Стоя у окна, я не заметил даже, какова погода. Оказалось, что идет дождь, ветрено. Пришлось первый раз после лета надеть пальто и калоши. Целое событие! Как хорошо оказалось на дворе. Ветер сильный, небо сплошь затянуто темносерыми тучами, и сверху непрерывно моросит. Настоящий петербургский день! С каким удовольствием подставлял я лицо дождю и ветру! Как бодро ходил по кругу! Сколько воспоминаний вызвала перемена погоды! Арестанты одеты легко. Многие опешат покинуть прогулку, и оставшиеся прибавляют шагу. Это всегда приятно!

Почему я не был обрадован окончанием шестого месяца? Не потому ли, что где-то, в неосознанной глубине мозга, я уже раньше порешил, будто осталось не шесть, а только пять месяцев? Против воли готов совершиться переворот в моем календаре – решение не брать вовсе в счет неполный месяц. Вообще же месяц теперь – такая бесконечно большая величина, что счет сам собой перешел на недели. Кстати: теперь остается сто пятьдесят три дня, а когда-то оставалось столько же недель. Теперь день за неделю!

25 августа все же пришел в радостное волнение от мысли, что осталось меньше пяти месяцев. Теперь дождаться бы только 19 сентября! В этот день выйдет Александр. Он мне заслоняет свет! Ему остается еще больше трех недель – ужасно много! А ведь мне не три, а почти еще двадцать две недели, – возможно ли не приходить в ужас? Поскорее бы Александр вышел!…

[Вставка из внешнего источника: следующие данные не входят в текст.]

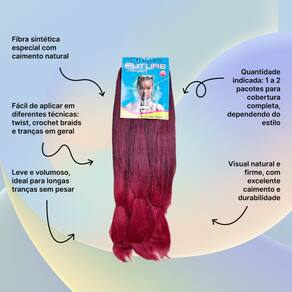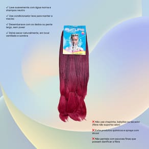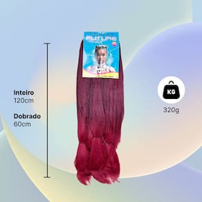Cabelos Future Jumbo 330g Fibra Sintética Para Tranças Box BraidsFibra sintética especial, o cabelo vai solto no estilo fio a fio pronto para ser aplicado e trançado,este modelo é ideal para tranças soltas, enraizadas, crochet braids, twist, box braids, alongamento entrelaçado e outros métodos de penteados.Especificações:Material: Fibra SintéticaMarca: ChereyPeso líquido: 330 gramasEstilo: Trança/Trançado/DreadTamanho: 60cmMétodo: Tranças enraizadas, crochet braids, twist, box braids, alongamento entrelaçadoNão aceita Quimica nem Temperatura por ser um cabelo sintético.Recomendações e Cuidados:* Lave e passe condicionador normalmente* Desembarace o cabelo com cuidado antes de lavar* Não esfregue ou torça o cabelo com força* Adicione shampoo suave a água morna e mexa o cabelo até limpar*Tire o excesso de água com uma toalha e deixe o cabelo secar naturalmente* Não escove os cabelos encaracolados* Penteie suavemente com os dedos

Раньше Александр высоко держал голову. Теперь он весь съежился, и походка стала торопливой, а лицо более серым. Я просил его сообщить подробнее о переживаниях последних дней и получил следующий ответ:

– Чувствую себя все еще довольно спокойно. Думаю, что совсем не то было бы, если бы мне пришлось расставаться с такими учреждениями, как Петропавловка или предварилка. Я нахожу, что нам, политическим, сидеть здесь, в Кресте, в миллион раз лучше, чем в бастионе или на Шпалерной. Больно уж там донимают нашего брата бдительным надзором. Постоянное заглядывание в камеру действовало на меня всегда самым угнетающим образом. Затем, где вы найдете такой чудесный вид, как из камер нашего коридора? Для нас это громадное развлечение. А совместная прогулка, баня и т. п.? Пожалею ли я о чем-нибудь, оставляя тюрьму? Пожалею только одних товарищей и, конечно, буду рад за себя, что расстаюсь с гнусной одиночкой. Она больше всего меня допекала. Провожу свои последние дни так же, как проводил их с 25 апреля, когда меня освободили от работы. Конечно, теперь чаще, чем раньше, являются минуты веселья. Стоит только посмотреть на исчерченный календарь и мою ленту, от которой каждое утро отрезал по маленькому кусочку, и на зарубку, сделанную на столе, по которой я измерял, какая часть ленты отрезана и какая еще осталась целой… и я разражаюсь радостным смехом, веселой песенкой или нечленораздельными звуками. Очень часто стала приходить в голову такая мысль: «Как я мог прожить здесь столько дней и не умереть? Ведь остается всего четыре-пять дней, а я не знаю, проживу ли я их так же благополучно, как прожил раньше. Раньше я мог довольно спокойно слышать грубые выходки надзирателей с арестантами (увы, притупилась впечатлительность!) и прочие мерзости, а теперь они стали меня сильно раздражать, и я с удовольствием в такие минуты думаю, что скоро я далеко буду от этой ямы. Способности понимать книги не утратил, но только книги легкого содержания. Пробовал читать серьезные статьи, но не даются. Благодаря этому последняя книжка «Русского богатства» лежит почти нечитанной: я ее несколько раз перелистал и этим ограничился; беллетристику в ней прочел. В конце концов я горжусь тем, что перенес сравнительно легко многомесячное заключение.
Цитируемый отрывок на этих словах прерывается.